Calhoun v. Pace

Texas Supreme Court
Calhoun v. Pace, 37 Tex. 454 (Tex. 1873)
Walker

Calhoun v. Pace

Opinion of the Court

Walker, J.

This is an action for the recovery of rent, commenced by suing out a distress warrant.

The defendants denied their liability, setting up a breach of covenant for repairs, and damages for suing out the warrant, and also claim, by way of reconvention, damages for injuries done to the crops by the plaintiff’s cattle; and they set up a contract outside of the written contract, under which the plaintiff bound himself to remove the cattle from the neighborhood.

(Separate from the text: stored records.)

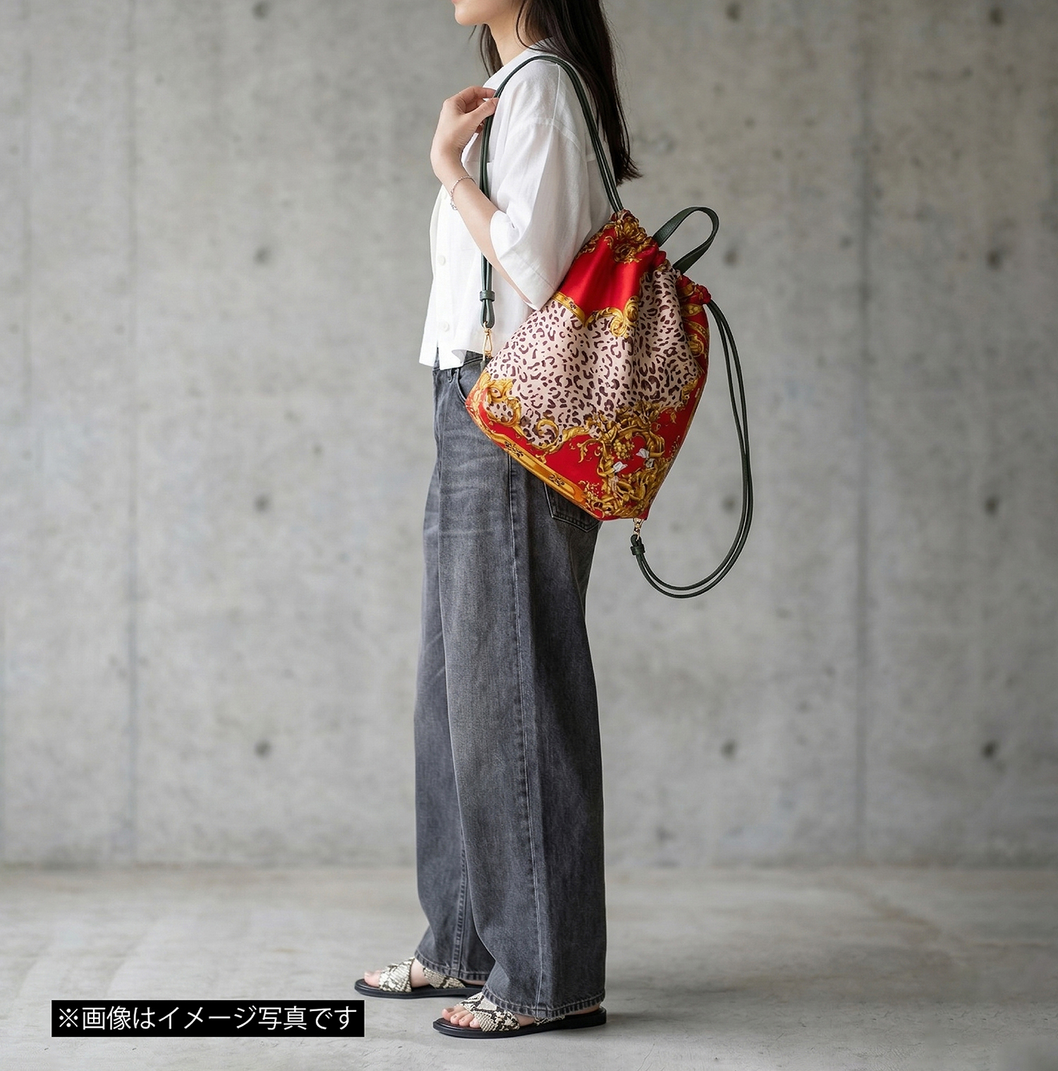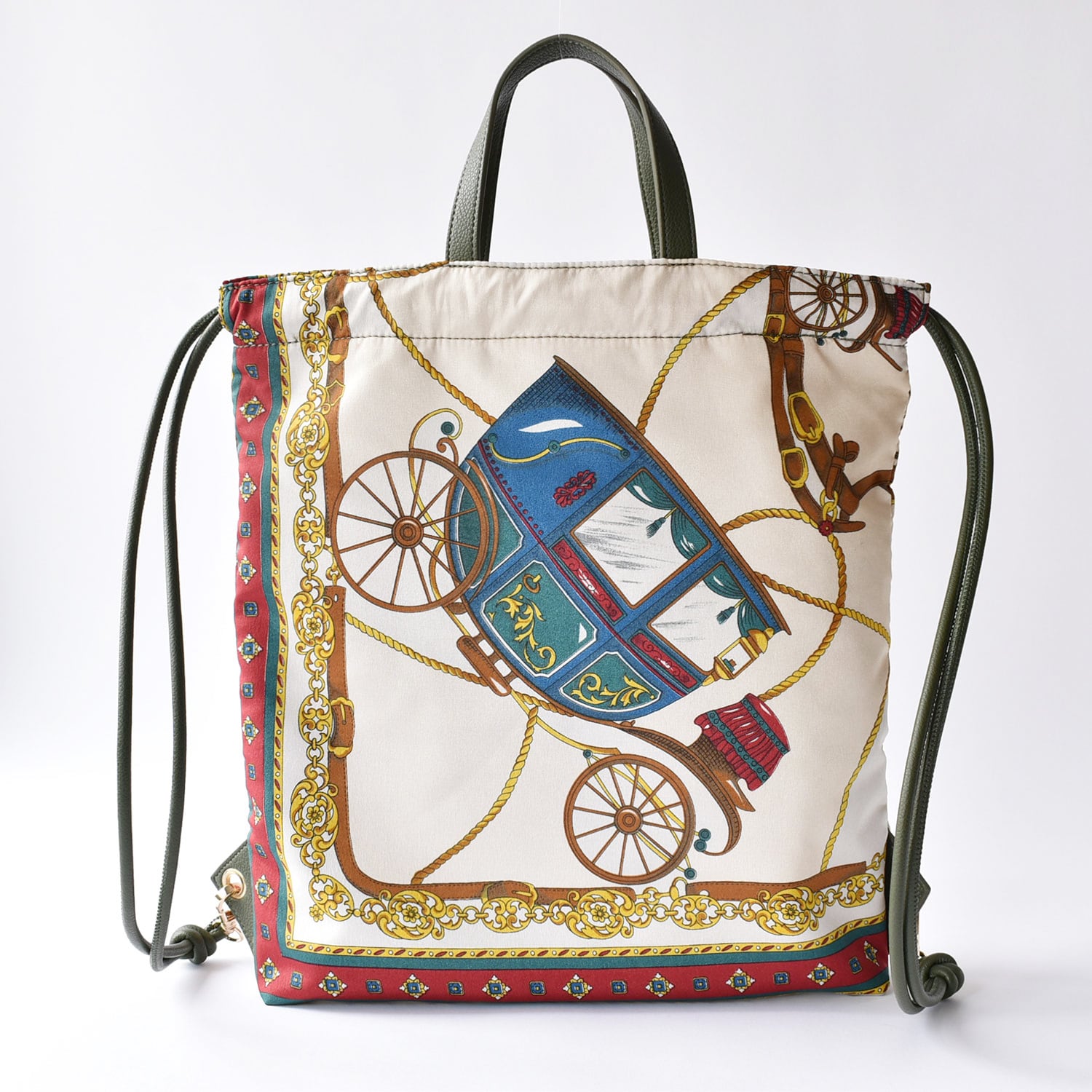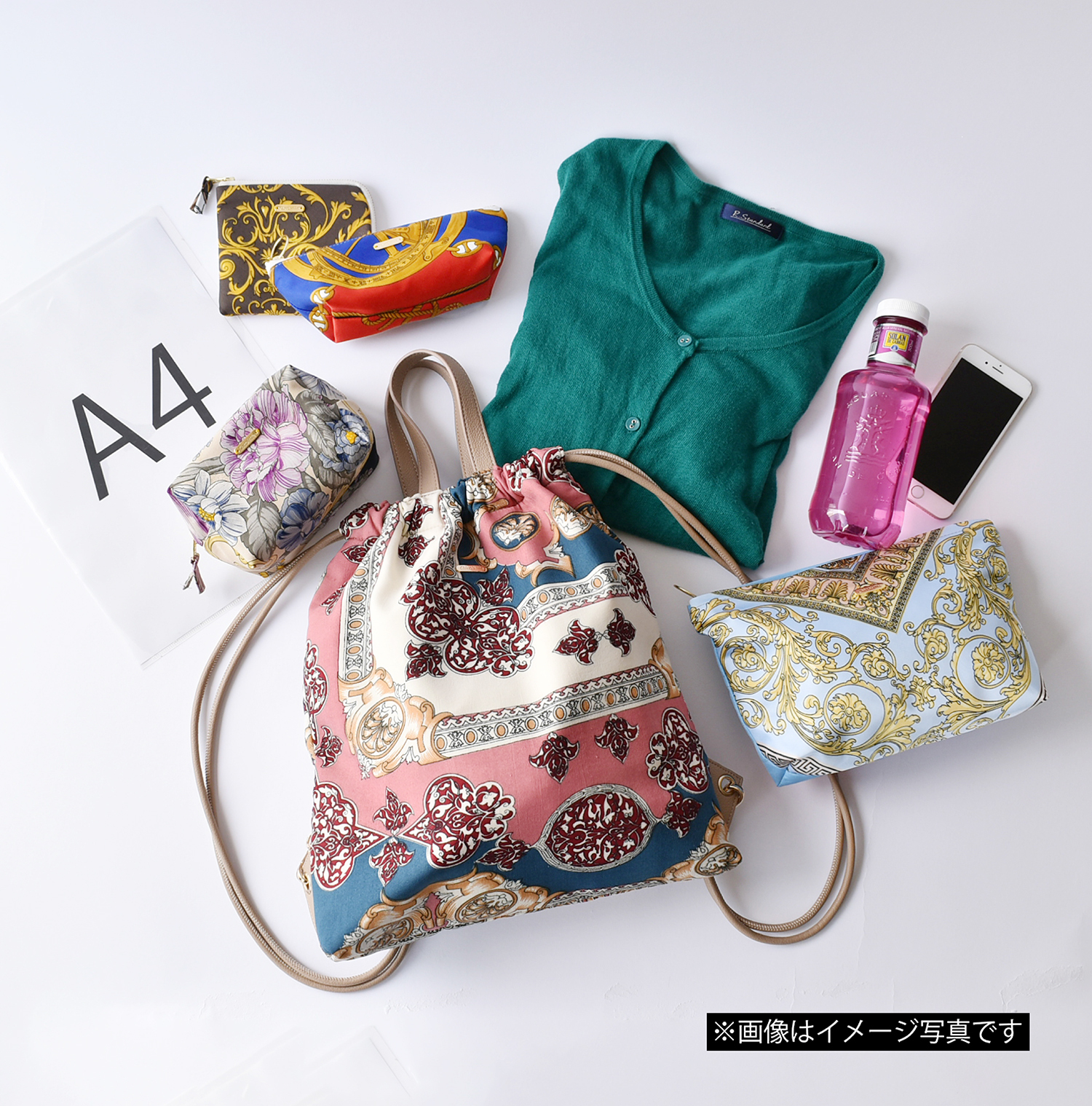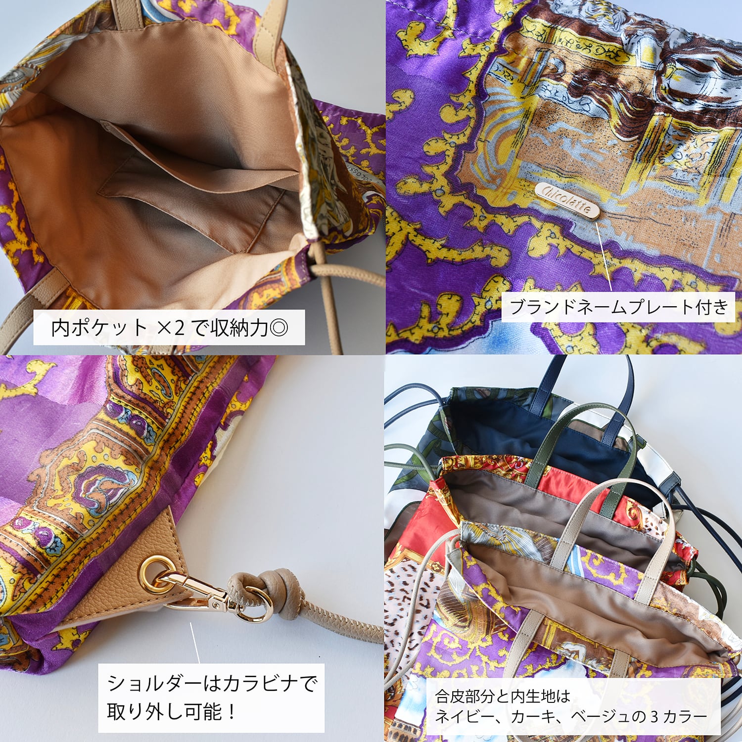 ・持ち手、コード部分はスカーフの色柄に合わせて合皮素材に
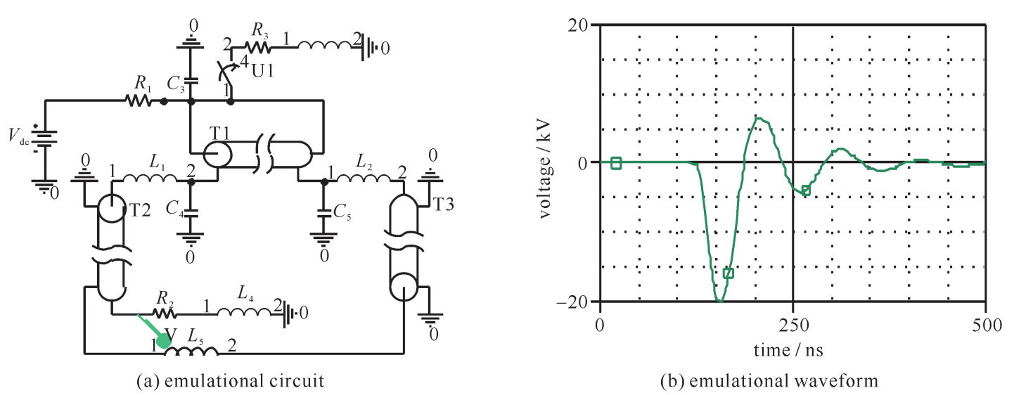 The paper presents a design of high voltage pulse generator based on high voltage switch formed by a stack of metal oxide semiconductor field-effect transistor (MOSFET). Two pulses at both ends of out metal layer in transmission line are generated by the self-matched transmission line circuit using high voltage switch made by many opto-isolator triggering MOSFETs in series. Then, a higher power pulse with amplitude of 20 kV on 200 Ω load, duration of about 40 ns and repetition frequency of 20 kHz is generated by the technique that transmission line transformers (TLTs) synthesize two pulses. An emulational circuit model is designed after the structure of pulse generation device is analyzed. The distortion of output pulse is analyzed by the model. Factors influencing the output pulse waveform are discussed. A reference for optimizing output pulse is put forward.
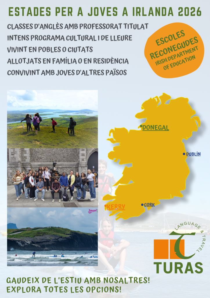 Estades internacionals per a joves que TURAS LANGUAGE & TRAVEL organitza durant els mesos de juliol i agost. Programes que combinen les classes d’anglès amb multitud de variades activitats i la convivència diària amb joves d’altres països. En destinacions petites o en una ciutat, allotjats amb famílies o en residència, i sempre en col·laboració amb acadèmies reconegudes per l’Irish Department of Education.
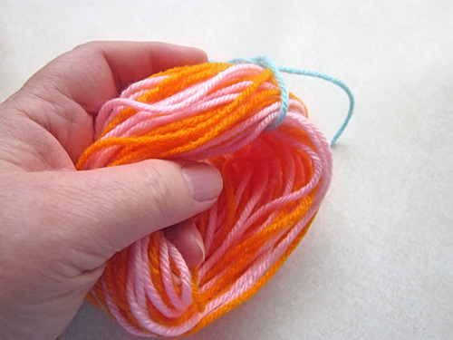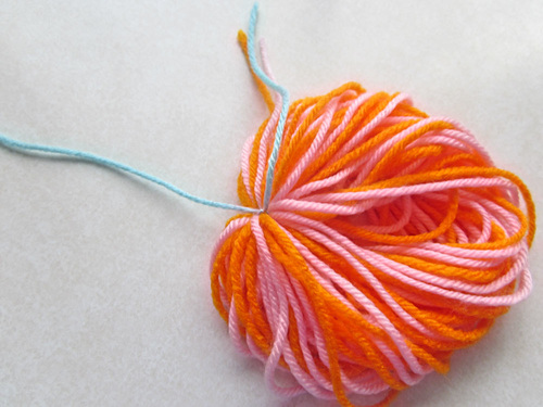 - Cut an approximate 8” length of the third color of yarn and tie it around all the loops.
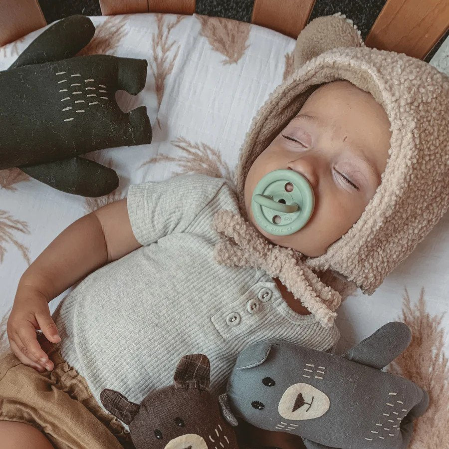 A grey-green resembling that of dried sage leaves, this sage green natural rubber dummy is perfectly paired with earthy tones, neutrals or even more sage.
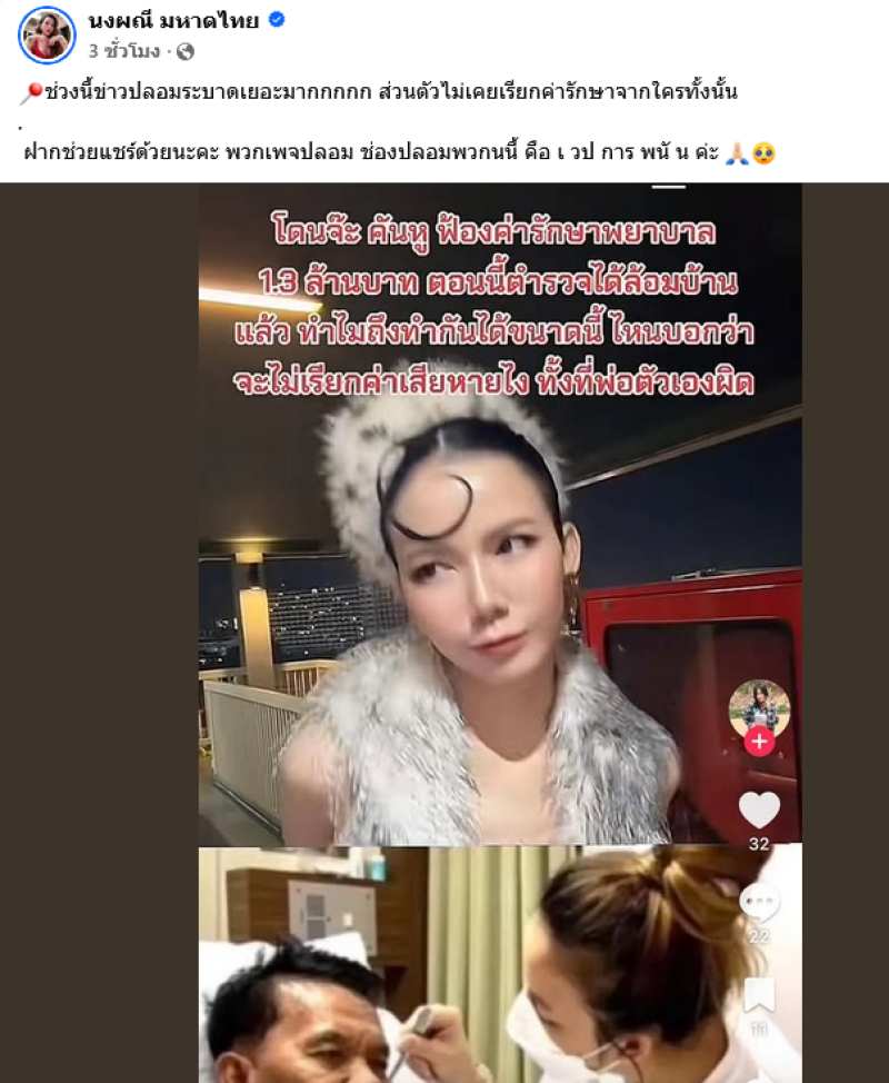 ล่าสุดกลับมีข่าวเฟคนิวส์ออกมาว่าจ๊ะได้ฟ้องค่ารักษาพยาบาล 1.3 ล้านบาท ทำเอาเจ้าตัวรีบออกมาโต้ทันทีว่า ช่วงนี้ข่าวปลอมระบาดเยอะมากกกกก ส่วนตัวไม่เคยเรียกค่ารักษาจากใครทั้งนั้น ฝากช่วยแชร์ด้วยนะคะ พวกเพจปลอม ช่องปลอมพวกนนี้ คือ เ วป การ พนั น ค่ะ

On the trial the jury found for the defendants; their verdict is for one hundred and fifty dollars, gold, and judgment is entered on this verdict.

We are of opinion that there was error in admitting evidence to go to the jury to prove consequential damages. By the terms of the written contract, the plaintiff bound himself to repair the cotton-gin. There is nothing in the contract, from which it can properly be inferred that the gin was to be used for any other purpose than that of ginning the cotton raised on the plantation, and the defendants were not entitled to recover damages by reason of their being depi’ived of using the gin for cleaning cotton for other persons. The evidence offered in proof of such damages was improperly admitted.

The instructions of the court to the jury, to the effect that they may consider the claim of the defendants for incidental damages, are erroneous.

Evidence of what was said before and after the written contract was entered into by the parties was improperly admitted.

The judgment of the court for gold in this case is erroneous. *456It has been the holding of this court that where a contract expressly stipulates for coin it may be enforced; but where the contract is silent, a verdict and judgment for gold will be set aside, as more rigorous than the law requires. The legal tender acts of Congress are upheld by the Supreme Court of the United States, and it is only where the contract expressly calls for coin that such a judgment can be insisted on. It is not permitted in judgments where the suits are for unliquidated damages.

The judgment of the District Court is reversed, and the cause remanded.

Beversed and remanded.

Reference

Full Case Name
J. Calhoun v. C. D. Pace and another
Cited By
3 cases
Status
Published
Syllabus
1. Plaintiff leased Ms farm to the defendants, for the year 1870, and covenanted with them “ to repair the cotton-gin, so as to enable them to gin “out and pack their crop of 1870.” Being sued for the rent, defendants reconvened for damages by reason of plaintiff’s failure to repair the gin. Held, that it was error to allow defendants to prove, as damages, what they could have made by ginning cotton for other people, if the gin had been repaired. They should have been confined to evidence of damages resulting from the incapacity of the gin to work up their own crop. 3. It is only on contracts expressly stipulating for coin, that judgments can be rendered for coin. In suits for unliquidated damages, judgments for coin are not permissible.